Wechston Ochse is also another writer whose work I have recently come to admire, and his offering in this issue, Playlist at the End, is one of his best pieces I’ve read to date. In this sinister tale, the main character starts off in a closet and explains that he has playlists for every occasion—shopping for groceries, going to the dentist, picking up his mother, etc. He’s waiting in the closet, hoping not to be discovered, and begins relating what specific songs have meant in relation to his life events. It’s an interesting narrative technique, and something I think would have worked well in a rock-and-rolled themed anthology like Rock ‘N’ Roll is Dead, which Blood Bound Books released this year (read my thoughts on that book here). The protagonist, Sam, had a sister, as it turns out, and she perished in a fire, which his mother blames him for (they were both at fault, according to Sam). His life went downhill from there, and after everything he went through, he became determined to show people how to understand love—but his methods are more than questionable, as evidenced by this story.

Another notable short piece is Dead Baby Day by Michael Penkas, in which a kid’s older brother tries to ruin his birthday joy by saying he was born on dead baby day, the day that dead babies come back to life with a kiss. But this is more than a silly childhood urban legend, and what someone believes to be true, particularly a child, can be devastating if taken seriously.

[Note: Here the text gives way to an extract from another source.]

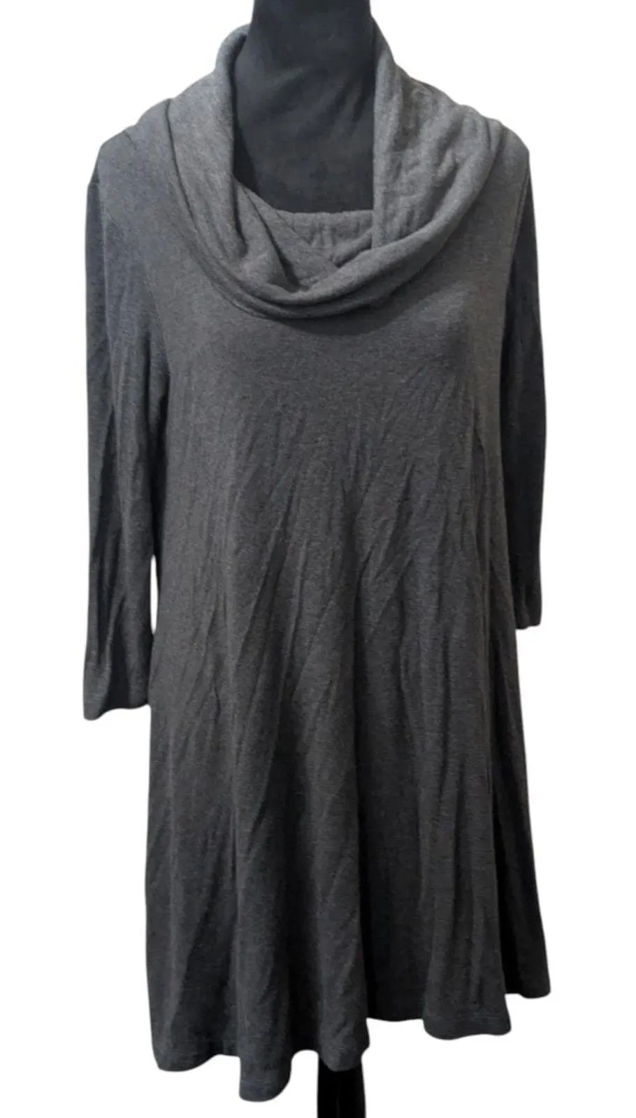 Can you feel that? The instant weightlessness of a dress that understands you. As you drape this Artisan NY masterpiece over your silhouette, notice how the luxuriously soft rayon-stretch blend flows with your every movement, like a second skin designed for pure serenity. This isn’t just a charcoal gray dress; it’s a hypnotic loop of comfort and high-end minimalism. Imagine the effortless confidence as the elegant cowl neck frames your face, inviting a sense of quiet power into your day. Whether you're layering it for a sophisticated Lagenlook or wearing it solo for a modern "quiet luxury" vibe, this piece transitions with you from morning reflection to evening allure. Don’t just get dressed—experience the art of the drape. Claim your new signature look now. Highlighted Features Brand: Artisan NY—a label dedicated to "timeless, high-quality pieces" and "bohemian charm". Aesthetic: Perfect for Minimalist, Lagenlook, Quiet Luxury, and Dark Academia styles. Fabric: Ultra-soft, breathable blend of 96% Rayon and 4% Spandex for a flawless, stretchy fit. Neckline: Sophisticated draped cowl neck for an effortless, chic look. Length: Classic midi/knee length depending on height (approx. 36" length). Size: US Large (fits true to size with a relaxed, flowy drape). Condition: Pristine pre-owned condition, ready to be the anchor of your wardrobe.

Jaelith Ingold and A.C. Wise both have different takes on ghosts in their short stories, each offering a different approach and a different artistic vision, but both pieces are well crafted.

If you haven’t picked up or ordered your copy of Shock Totem 4, I would urge you to do so now. Shock Totem continues to impress me with how amazingly each edition of the magazine they produce turns out.